Page 42 of Dragons' Mate

Page List

Font Size:

“All you need to do is follow.” Ettienne replies. “Though I understand that’s a challenge for you.” He steps into the music. To my annoyance, Ettienne is a smooth dancer with a lead even I can follow. “How are you holding up?”

“Alive. Sorry to disappoint.”

Ettienne steps closer, his lips nearly at my ear. “I’m not your enemy Kitterny. Hard as you may find it to believe.”

“My mistake. I must have misinterpreted things when you sent Quinton to kill me.”

“A miscalculation on my part.” Ettienne shrugs a shoulder. “I made a decision based on what I knew at the time.”

“Does that mean you regret ordering me killed or sending Quinton to do it?”

“Do all my sons find your fiery insolence attractive?”

“I believe Cyril would prefer I chose my words with greater care. Tavias might as well. I’ve never asked.”

Ettienne looks like he is holding back a laugh, the tips of his scales flashing a shade of silver. “Indeed. But we all must play the cards we were dealt now.”

“I take it I’m one of those cards for you. How do you intend to play me?”

“I’ve not yet decided,” Ettienne says with an honesty I didn’t expect. “But at the moment your staying alive appears to suit both our interests.”

“I’m pleased we agree on that at least.” For however long it lasts.

Ettienne lifts his arm, guiding me to turn under it. When he reclaims me again, his gaze watches my face intently. It’s disconcerting. This whole game is.

“What do you want from me, your majesty?” I just ask it.

Ettienne nods. “Keep my sons alive, please.”

I give a small snort. “I believe it is them who are keeping me alive in this particular set up.”

Ettienne’s voice drops, stripping all humor. “That is where you’re wrong, little human. Anyone with eyes can see as much. It is you who is truly keeping them alive. You are their greatest weakness, and their greatest strength. All rolled into one. There is a responsibility that comes with power such as that.”

“May I cut in?” Despite phrasing it as a question, Quinton shoulders his father out of the way and takes me into his protective arms. Quinton’s eyes keep moving around the ballroom the entire dance, as if scanning for threats lurking behind beverage tables and marble columns. Despite his grace, it’s like dancing with a bodyguard. The moment the song finished, Tavias steps in to fill Quinton’s place, then Cyril. They are all the same. Tense. As if they know something I don’t.

CHAPTER19

Kit

Iam really starting to hate the sound of the gong, more so because it is deceptively beautiful with full rich notes that vibrate through the whole room.

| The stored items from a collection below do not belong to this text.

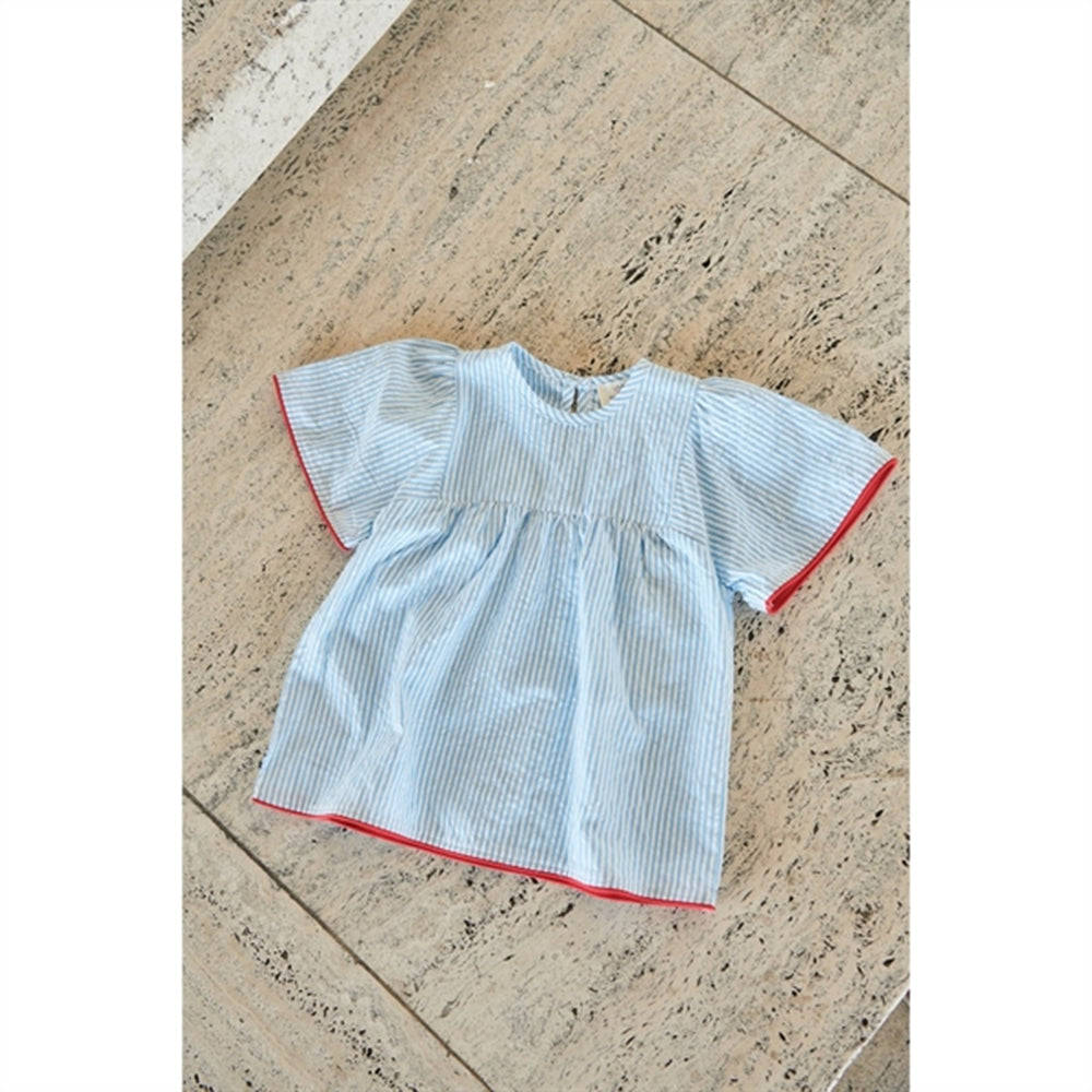 Copenhagen Colors Sky Blue W Cream Stripe Seersucker Blouse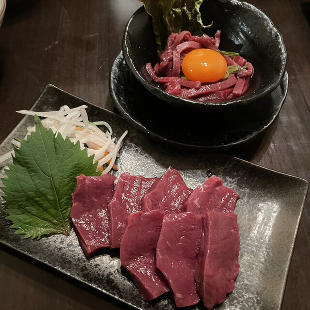 ハツ刺やさくらユッケ、和牛握りも旨すぎー。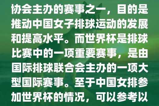 中国女子排球联赛是中国排球协会主办的赛事之一,目的是推动中国女子排球运动的发展和提高水平。而世界杯是排球比赛中的一项重要赛事,是由国际排球联合会主办的一项大型国际赛事。至于中国女排参加世界杯的情况,可以参考以下信息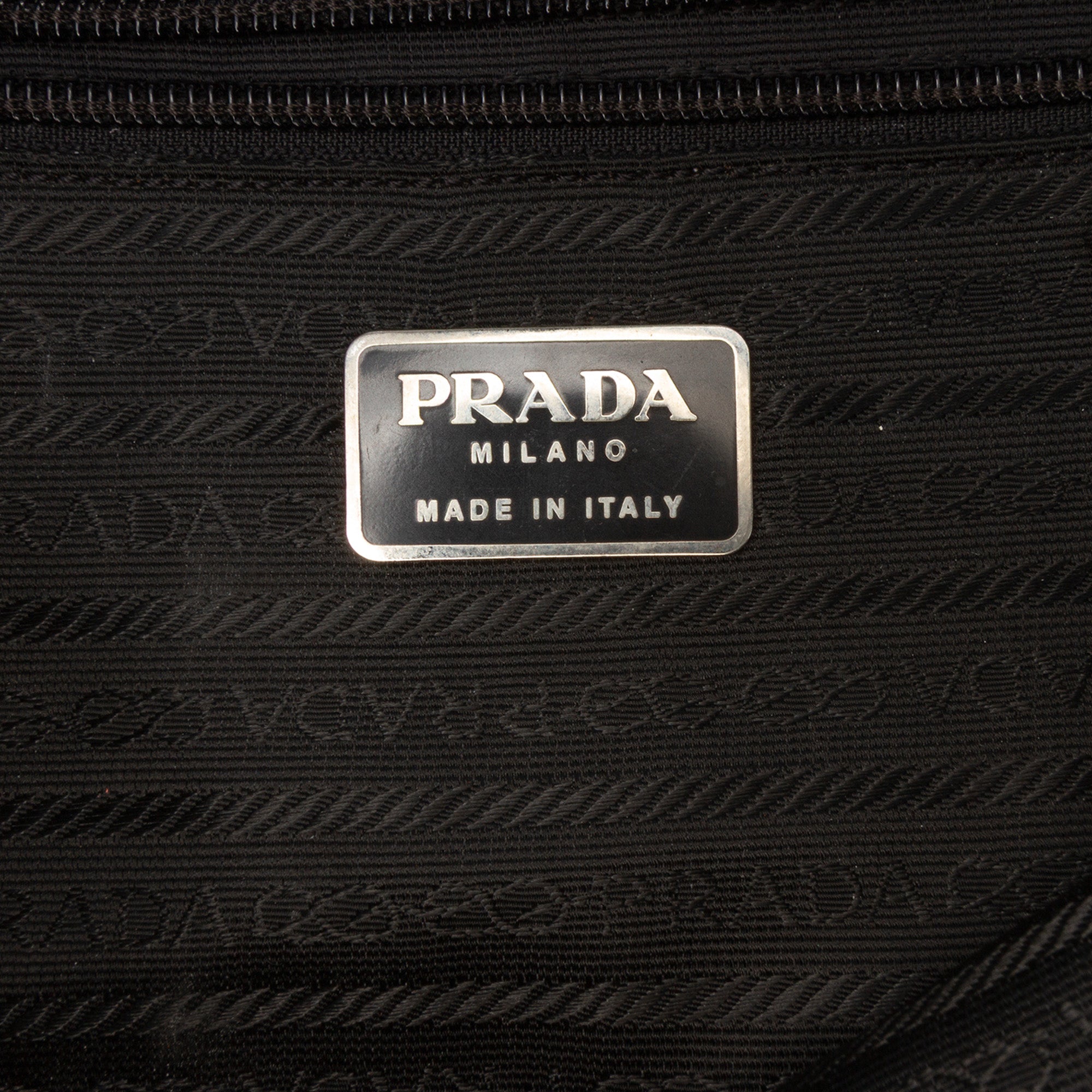 This handbag features a nylon body, flat nylon handles, a top zip closure, a zip around compartment, and an interior zip pocket. Retail Price: 680.00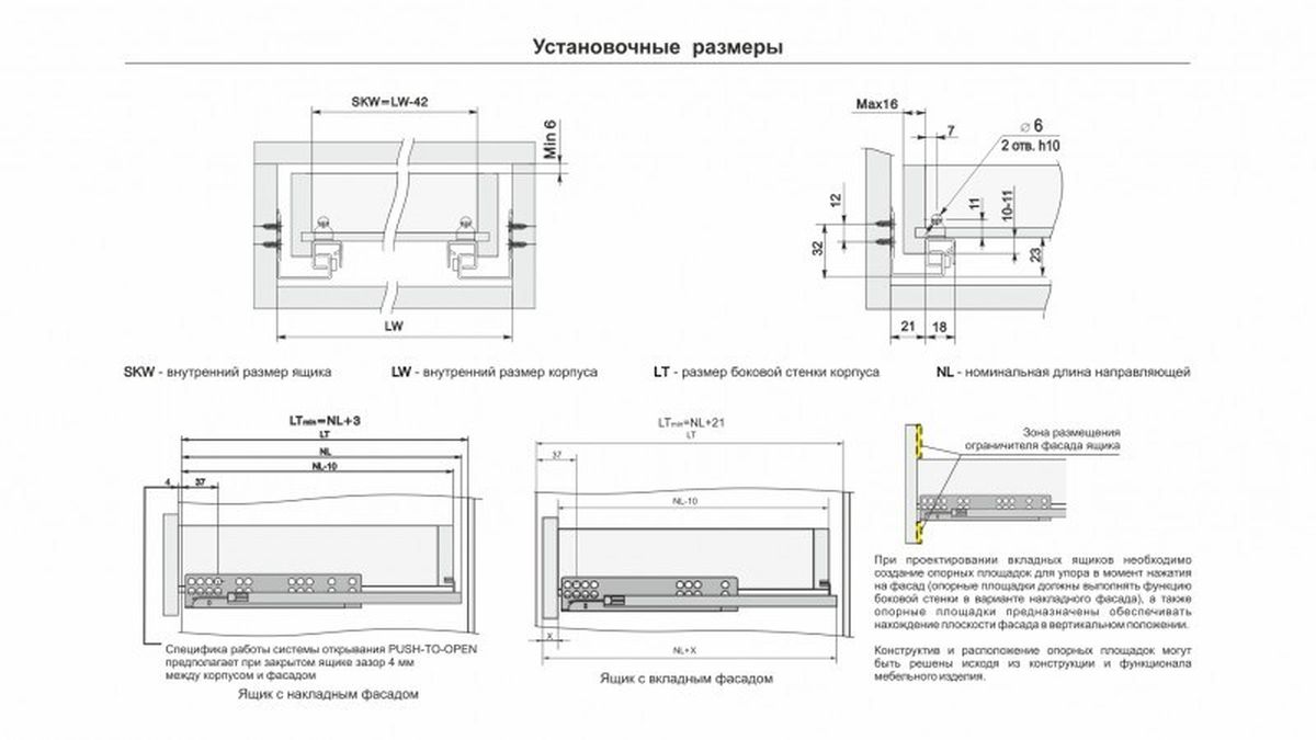 176 неполного выдвижения с опцией открывания легким нажатием на фасад (push-to-open), со способом установки мебельного ящика при помощи надвижного монтажа.
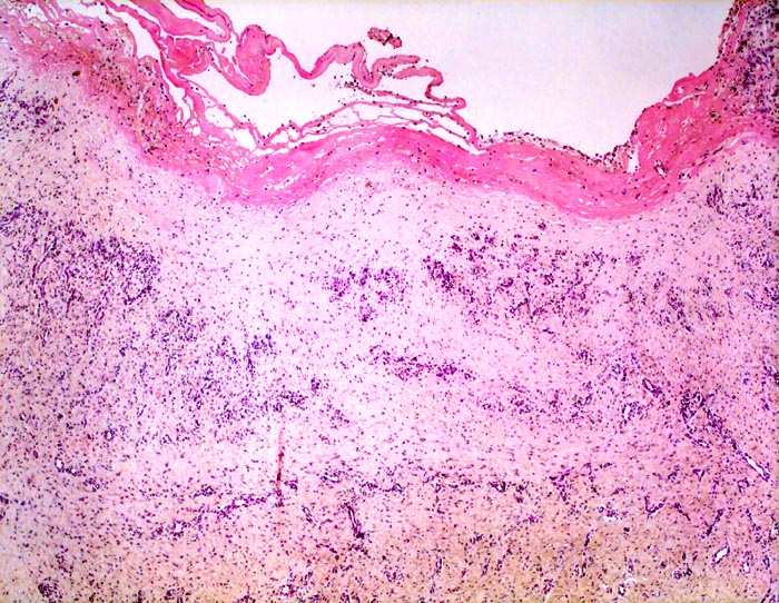 Daran angrenzend gefässreiches Granulationsgewebe mit lumennahen Erythrozytenextravasaten und Narbengewebe.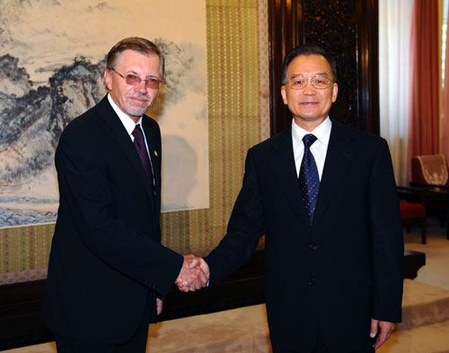 在會(huì)見(jiàn)拉脫維亞總理戈德馬尼斯時(shí),溫家寶表示,中方重視發(fā)展同拉脫維亞的友好關(guān)系,愿在現(xiàn)有良好基礎(chǔ)上,加強(qiáng)雙邊各級(jí)別磋商,發(fā)展互利、平衡的經(jīng)貿(mào)關(guān)系,推進(jìn)交通運(yùn)輸和相關(guān)領(lǐng)域的合作,促進(jìn)青年交流,更好地造福于兩國(guó)人民。

Music stops. The couples currently out on the floor retreat to the sides of the open space, Tavias nudging me along as well. The head priest steps out and draws his amplification signal in the air before launching into another speech on the greatness of Orion and tradition and the trials. It's when I see some suppressed smiles from packs and visitors that my body tenses with foreboding. A moment later, I'm proven right.

"Fertility is our goal and hope and guiding light," the priest intones, raising his staff. The hood covers his head, but the tattooed skin of his face is still visible. Servants come in, shifting tables around to clear many of them. "Now has come the time for our packs to show, before Orion and the dragon kind, that the human brides they selected are indeed capable of fulfilling such a destiny."

"What does he mean exactly?" I ask, my stomach tight as I turn to Tavias.

"I think you know," Tavias answers gently.

I swallow. I do know. It was one of the things that the dragons had made clear from the beginning of this—while no one knows what the trials involve specifically, there is always a constant: the dragon packs and their brides will be expected to couple before the priests to demonstrate their compatibility despite the usual difficulties of the anatomies. Hell, the pack had spent weeks on the Phoenix preparing my body for this moment. And it was one of the things Cordelia had confessed about her training before she died.

"You knew this was going to happen at the feast," I accuse.

Tavias nods. "I strongly suspected."

"And you didn't think to tell me?"

"If you'd thought about it, you'd have strongly suspected as well," he says, not without understanding. "If you chose not to, we didn't see a reason to make you fret more than you did already."